Quarterback Change Not Enough

I'll give props to head coach Herm Edwards, defensive coordinator Gunther Cunningham and a gallant effort by quarterback Brodie Croyle. I said all week this game would come down to a play or two in the final quarter, and the Chiefs should be proud of Sunday's effort in Indianapolis.

But one thing is clear - offensive coordinator Mike Solari is not the right man for the job. The Chiefs had Indy's defense on the ropes in the fourth quarter with the game tied at 10 and the ball sitting on the 43-yard line. They proceeded to squander that opportunity.

Kansas City was a play-action pass on first down from winning this game, but the Colts knew what the Chiefs were going to run on first down every single time. You could tell by KC's formation, who was in the backfield, and which offensive tackles were in the game.

In the ground game, Solari foolishly attempted the same signature running plays that made Priest Holmes an All-Pro. But the Chiefs no longer have the offensive linemen to run those plays (the stretch and sweep), especially against a defense as quick as Indy's. If you're going to beat a fast defense, you have to throw over them to win.

Meanwhile, the Colts could not cover Dwayne Bowe, but Solari's decision to disarm his own quarterback ruined what should have been a win in Croyle's starting debut. With the Chiefs down 10-3, Solari opened up the offense, and the kid came through, tying the game with a long drive where he was allowed to throw the ball down the field.

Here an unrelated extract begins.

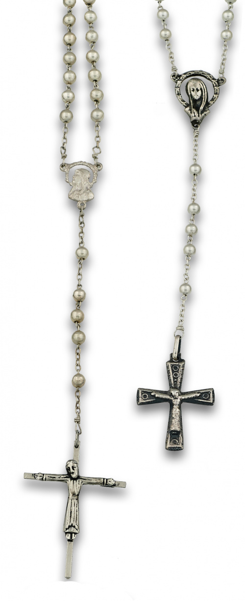 Dos rosarios con cuentas esféricas en plata lisa.

Why he took his foot off the accelerator is a mystery.

Kansas City's new offensive coordinator is sitting in Jacksonville. Mike Shula, the Jaguars' quarterbacks coach, has done a great job with David Garrard and Quinn Gray this year. Shula was Croyle's head coach at Alabama, and the pair should be reunited in Kansas City after Jacksonville's playoff run ends this January.

On the other side of the organization, the guys in the scouting department need to scream up and down in the war room when the next Mason Crosby is available in the draft. Dave Rayner isn't getting the job done. It's clear he's worried where the ball is going to be located before he sets up.

That‘s a direct reflection on the switch at long-snapper from Kendall Gammon to JP Darche. It hasn't worked, because the kicker is worried about the spot of the ball before he strikes it.

He has no confidence in the ball getting to the spot and for a kicker, that's like taking away one of his legs. The decision to draft Justin Medlock while passing on Crosby could haunt the Chiefs the rest of the season, if not the next 10 years.

Despite all these problems, the Chiefs have six games left and still have a legitimate shot to win the AFC West. If you didn't notice, the Chargers lost to Jacksonville Sunday. The eventual division champion might wind up at 6-10.

But the Chiefs would be better suited to play out the stretch with a top 10 draft pick as their goal. With eleven picks to date in their pockets and a roster that will be purged of most veterans this offseason, I'd rather see the team draft higher.

Teams that win games in January are on the same page from scouting, to drafting, to coaching. This organization needs some tough love over the next three or four months, and someone has to make those hard line decisions.

I believe Edwards is the man to do just that. Let's hope he's given the tools. If not, we could have more of the same in 2008.

Five To Remember

1. DE Jared Allen - Deserves to be the highest-paid defensive end in the NFL based on his first-half play against the Colts, but he disappeared in the second half against a battery of backups. If he truly wants to be a rich man, he needs to bring it all game long.

2. CB Benny Sapp - I've been dogging KC's nickel back all season long, but he had his best game of the season Sunday. Sapp's coverage was near-perfect and he delivered some hits. With an aging cornerback tandem playing in front of him, Sapp may have earned another shot in 2008. Hopefully we see the same effort the rest of the way.

3. WR Dwayne Bowe - Brodie Croyle told me he couldn't wait to start throwing Bowe the ball in a real game. The two are the future of this offense and someday may share a connection akin to the one Peyton Manning has with Marvin Harrison. Bowe's touchdown grab in the third quarter of Sunday's game is the type of street-ball effort this offense needs. Sometimes you just throw one up, and I expect the first Croyle/Bowe connection on Sunday won't be the last.

4. RT Kyle Turley - He made a critical mistake in the third quarter on a third-and-one play. All he had to do was seal his block and Priest Holmes might have been able to cut back and score a touchdown. Instead, Turley whiffed on a linebacker and Holmes was strung out to the left, unable to get a first down. Dave Rayner nailed a field goal on the next play, but those four points would have been huge for the Chiefs.

5. HC Herm Edwards - He's finding out that it won't be easy to rebuild this football team in his image. The cupboard was bare when he took over. I'm confident now more than ever that his plan will follow in the footsteps of his friend, Tony Dungy, however. This team is closer than some realize. It needs some new offensive coaches, another great draft and better execution in the preseason to be a perennial AFC West champion, but the future is bright.